Facebook has filed a patent, patent called "Offline Trajectories", which describes the technology used to predict user location.
According to the patent application, Facebook is going to use machine learning to analyse the meta data associated with other users who have already visited a location.
As a rule, people move along predictable routes. Furthermore, the routes may remain unchanged for many weeks or even months, making people's movements easy to predict.
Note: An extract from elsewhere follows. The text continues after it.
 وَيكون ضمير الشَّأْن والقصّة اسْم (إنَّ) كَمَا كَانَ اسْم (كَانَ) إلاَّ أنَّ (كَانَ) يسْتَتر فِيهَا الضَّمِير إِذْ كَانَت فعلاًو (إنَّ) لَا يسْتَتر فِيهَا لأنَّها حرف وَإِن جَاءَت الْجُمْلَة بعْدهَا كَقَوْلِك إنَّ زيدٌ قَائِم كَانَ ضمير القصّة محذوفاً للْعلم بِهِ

Facebook has a corresponding patent application, "Predicting Locations and Movements of Users Based on Historical Locations for Users of an Online System", which details how location data from multiple users will be used to determine other people's whereabouts and predict their transition points. The system will generate location chains that will be used to further improve targeted advertising.
Another similar patent application, "Location Prediction Using Wireless Signals on Online Social Networks", expounds on how Facebook will analyse the strength of Wi-Fi, Bluetooth, cellular, and NFC signals to better triangulate a device’s position.
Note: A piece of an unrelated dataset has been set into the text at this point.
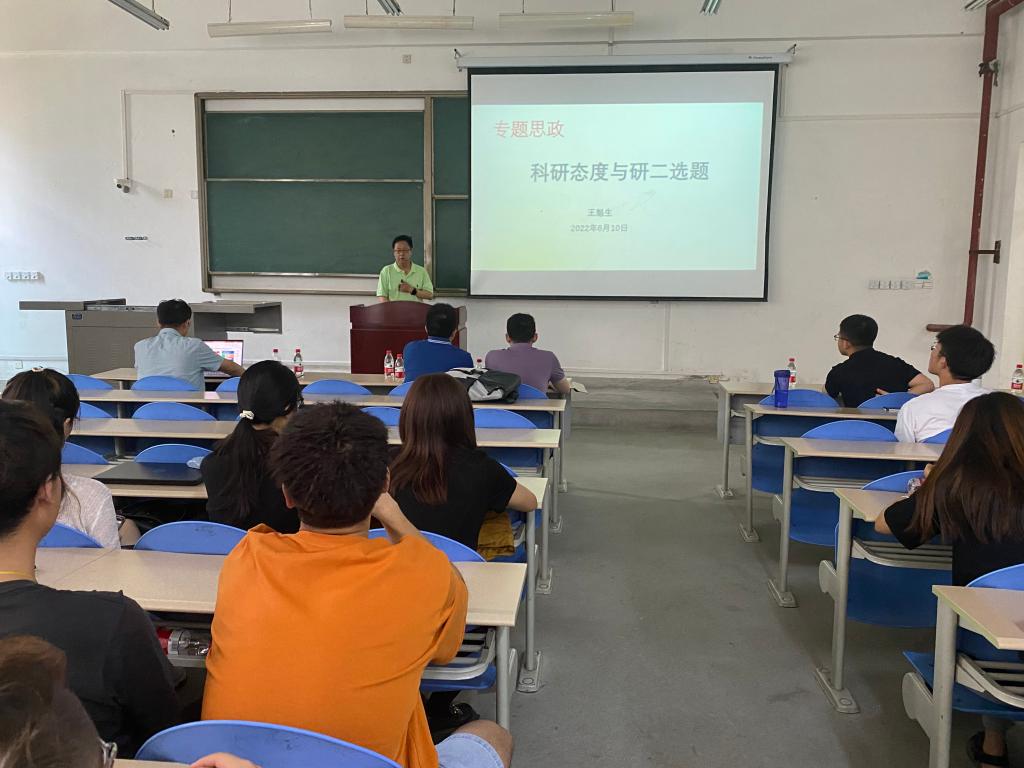 6月10日,伟德国际victor1946经理、党委副书记王魁生在鄠邑校区博思楼102教室为2021级研究生讲授专题思政课。2021级研究生辅导员田嘉兴主持,一百余名研究生参加。

Logged data about the location of other Facebook users will make targeted ads even more accurate. Taking a girl out on a date? Be prepared to see ads showcasing goods that may help you impress her. Walking past a travel agency? They already know how much you spend and where you like to go, and an offer tailored to meet your specific needs already awaits you. Busy drawing up a contract? Your would-be partners can learn where the negotiations have taken place and thus determine who the other parties in the agreement are.
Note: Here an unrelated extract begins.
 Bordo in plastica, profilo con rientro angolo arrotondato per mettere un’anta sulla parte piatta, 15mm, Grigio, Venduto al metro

And that's not science fiction. Anyone who has access to big data can do that. Haven’t we probably all watched films where a certain agency stages all sorts of situations to manipulate the protagonist? You'd like to meet a beautiful girl? Not a problem. You will "accidentally" run into her on the street and give her flowers. Looking for an opportunity to contact a certain individual? You’ll end up at the same café, sitting at the next table.
You probably think we're talking about the future?
That’s not just one patent application: it’s one of the concurrent clusters that operate together.
The technology already works.
Why are we telling you all this? Because we want to give you a couple of tips on how to make sure that no one abuses your data.
The Anti-virus Times recommends
Remove the applications you do not use from your smart phone. The fewer apps your smart phone runs, the less you’ll be tracked
The New York Times published research results on the location data advertisers are gathering via mobile apps. The study revealed that over 75 companies are getting anonymous, precise location data from apps whose users have enabled location services to get local news and weather or other information.
Adjust the privacy settings on your device.
- If you use Android, go to Settings → Google → Opt out of ad personalisation, or visit the Ad settings page and opt out there. Note, though, that researchers recently discovered that Google can track the location of any person who uses certain Google apps under Android or iOS, even if the feature is turned off.
- Under iOS, go to Settings → Privacy → Advertising, and toggle on the option Limit Ad Tracking. Here you can also clear your data from your advertising ID.
- Another way to shut down location-based ads is to go to Settings → Privacy → Location services. Scroll down to System Services, and turn off Location-Based Ads.